With several years of operations under its belt, Alpine Access could arguably be the poster child for that movement. Now, the company is pushing the model even further: It has just begun to provide consulting services, as well as employee training, for companies that want to set up their own agent networks.

Alpine Access CEO Christopher Carrington spoke with CRM Buyer about his company’s plans along these lines, as well as how the recession has affected its operations.

CRM Buyer: How is Alpine Access weathering the economic downturn?

Chris Carrington:

The best evidence I can offer is our top line. I’m happy to report 17 percent higher growth in Q1 compared to 2008 Q1.

CRM Buyer: What are some of the cost-cutting measures you’ve taken?


Interestingly, we are seeing a lot of our customers and prospects taking cost-cutting measures — but we have not had to. We had a strong Q1, and we are predicting a strong 2009.

In fact, we are investing more heavily — putting more money in our sales area, and to developing new products and services. We just launched our consulting service division and invested more heavily in Alpine Access University.

CRM Buyer: How can your products help your customers’ bottom lines in the near term?


In tough economic times, the companies are looking to save costs. The reason we grew so strongly in Q1 is the fact that a home-based solution saves customers money. Companies using a [home-based] solution in the U.S. are [spending 15 percent to 25 percent less] than they would with a bricks-and-mortar provider.

CRM Buyer: What are some of the bright spots for your company right now?


One of the most exciting is the launch last month of Alpine Access Consulting. For the first 10 years of our existence, we were purely an outsourcer of a home-based model — and losing out on opportunities [with] companies that didn’t want to outsource. Now, we can target those companies that want to set up their own home-based service network.

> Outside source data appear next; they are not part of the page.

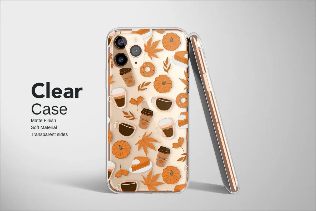 Embrace the coziest season of all with this enchanting autumn-inspired design. Our exclusive pattern captures the heartwarming essence of a perfect fall day, scattered across a classic black canvas. Imagine crisp, golden leaves tumbling alongside plump, cheerful pumpkins and delicious slices of pumpkin pie topped with a dollop of cream. Steaming mugs of latte and to-go coffee cups promise warmth and comfort, while sweet frosted donuts add a touch of playful delight. This illustrated celebration of all things autumn is perfect for anyone who loves the scent of cinnamon, the comfort of a warm drink, and the magic of sweater weather. The rich palette of burnt orange, warm browns, and creamy whites creates a visually stunning and comforting aesthetic, making it a beautiful accessory for your everyday carry. It's a charming way to celebrate the harvest season, from the first cool breeze of September to the family gatherings of Thanksgiving. Let this delightful artwork bring a touch of seasonal joy to your daily routine or give the perfect thoughtful gift to the fall enthusiast in your life. Carry the spirit of pumpkin spice and everything nice with you, wherever you go.
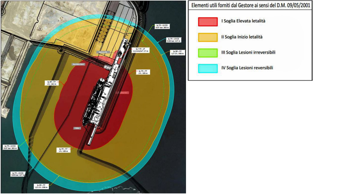 Va chiarito ancora che nel caso specifico, sulla base dell’analisi di rischio relativa all’installazione ed esercizio del rigassificatore, gli effetti stimati di un eventuale scenario incidentale non interessano aree del Comune di Piombino esterne al porto.
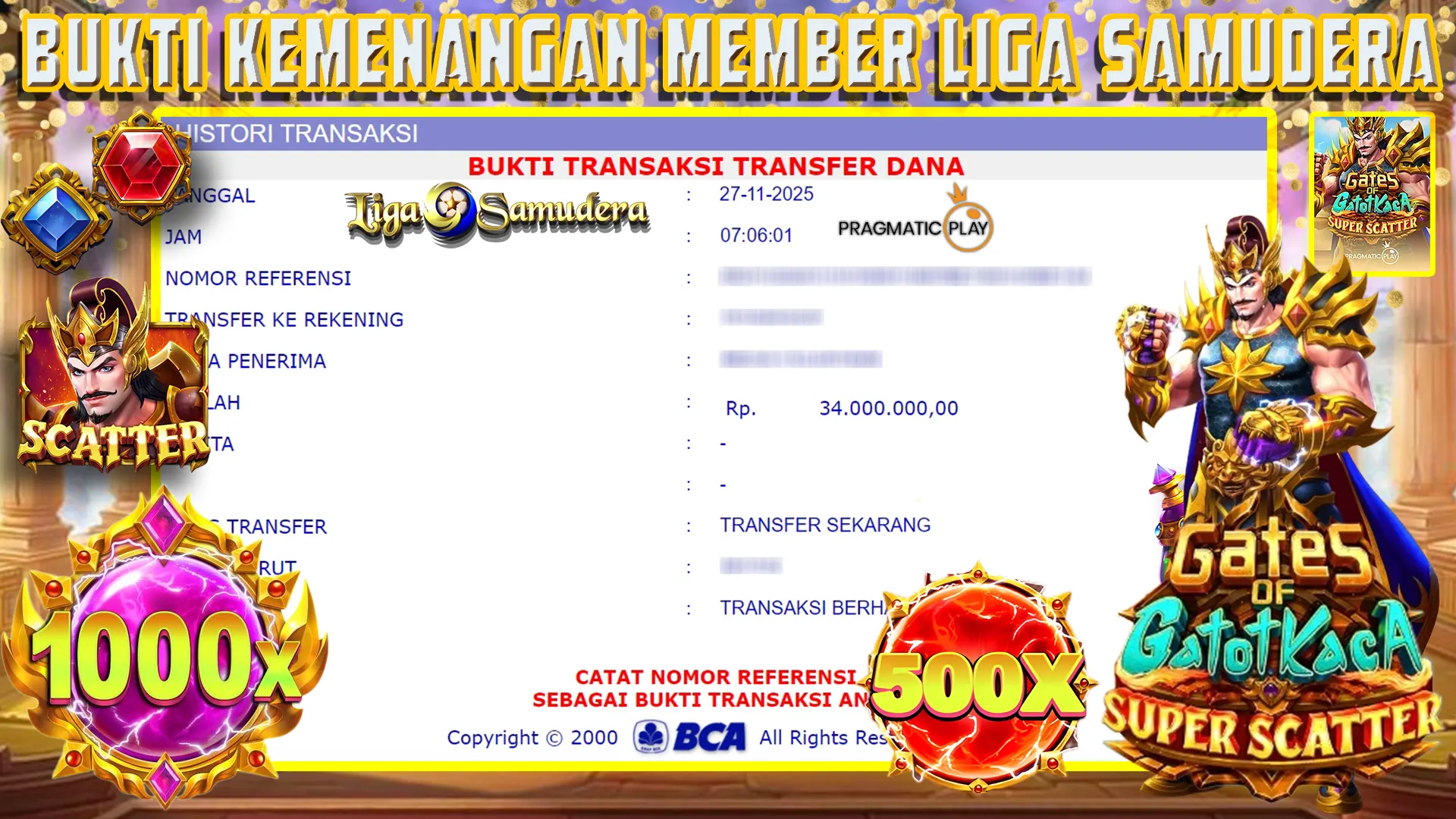 BUKTI KEMENANGAN BERMAIN PERMAINAN SLOT PRAGMATIC ” GATES OF GATOT KACA SUPER SCATTER “
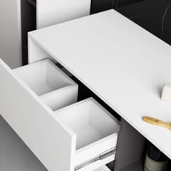 Szafka pod umywalkę nablatową VAMI W90 łączy w sobie nowoczesny design, lekką formę i dużą funkcjonalność. Dwie szuflady pozwalają wygodnie i estetycznie przechowywać artykuły higieniczne i nie tylko. Dodatkowym atutem szafki pod umywalkę nablatową VAMI W90 są dwie półki otwarte, które nadają jej atrakcyjny wygląd odpowiadający najnowszym trendom. Wymiary tego modelu to: szerokość 90 cm, wysokość 60 cm oraz głębokość 45,5 cm. Mebel jest przeznaczony do montażu na ścianie. Posiada specjalnie wyprofilowane szuflady umożliwiające zamontowanie syfonu i elementów hydraulicznych.
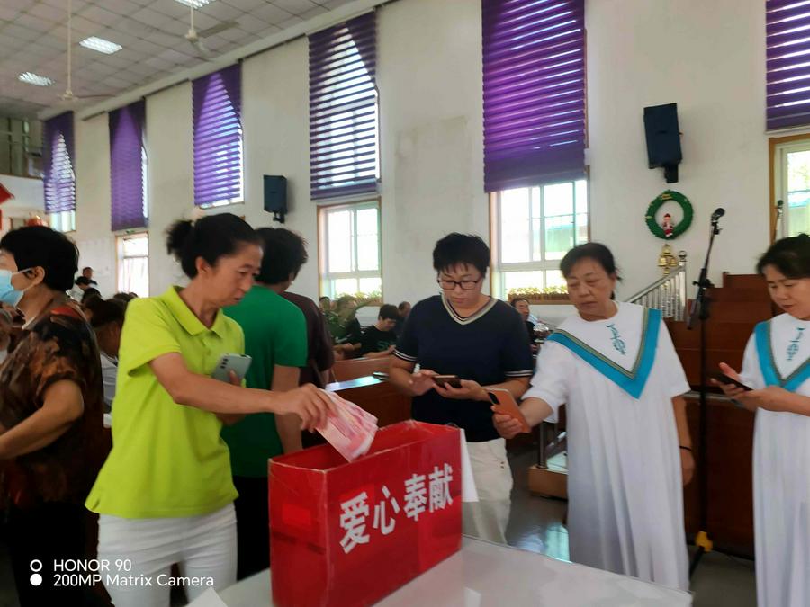 沈阳市辽中区基督教两会所在地辽中区基督教会在2024年9月1日的主日举行了一场特殊的聚会:沈阳市辽中区基督教两会“爱心牵手,风雨同舟,有你有我,让爱回家”为葫芦岛建昌县水灾现场奉献。沈阳市基督教协会副会长、辽中区基督教两会主席、会长、“中国公益事业爱心大使”任传宇牧师在讲道中呼吁会众本着爱国爱教、荣神益人、爱人如己的基督教慈爱精神,为遭受水灾的建昌县的弟兄姊妹献出爱心。“用信心开启蒙福的管道”,在任传宇牧师等教牧同工的带领下,信徒们纷纷慷慨解囊,有的奉献现金、有的扫码奉献,为建昌水灾捐款,现场呈现出来自于基督爱心的热心场面。

CRM Buyer: How will your company look a year from now?


Based on growth projections, we will be 30 percent to 50 percent larger for the full year. We will continue to become a mainstream player in the U.S. for call center services.

CRM Buyer: Tell me more about the consulting service. Why would a company want to set up its own home-based network? Why not just outsource to a call center or to you? Also, have you gotten many inquiries for the service yet?


A lot of companies still don’t want to outsource customer care for whatever reason — some figures say it is 65 percent of the market. So they want to do it themselves, but they also want to take advantage of the cost efficiencies of the home-based model. We just launched it, and already we have our first two engagements under way — so, yes, there is a lot of interest.

CRM Buyer: Are you providing the infrastructure as well, or just consulting services?


We are not there yet with the infrastructure, although we are looking at it. What we are doing is helping companies do virtual recruiting, training and management of a workforce that is completely distributed.

CRM Buyer: Tell me more about Alpine Access University. I am assuming it ties in with your consulting service?


Yes, that is correct. Before, we were only training our own employees. Basically, we became expert in adult distance-learning. We’ve commercialized it, so we can sell it to companies that want to do at home themselves. They hire their own employees and then train on the AAU platform. It’s another opportunity to put the brand in the market.

Also, in the second half of this year, we will begin recruiting for our consulting clients. What we have been doing is asking applicants who apply for jobs with us whether they are interested in being placed with another company in a similar job. We receive about 100,000 applications a year, so we have a lot of qualified people waiting. We can do all the interviewing and hiring for these companies.

CRM Buyer: How much does it cost to recruit an employee?


To interview a number of people, define the best person, do a background check — (US)$300 per completed recruit. In a bricks-and-mortar facility, we have seen that cost to be $350 to $450 per recruit.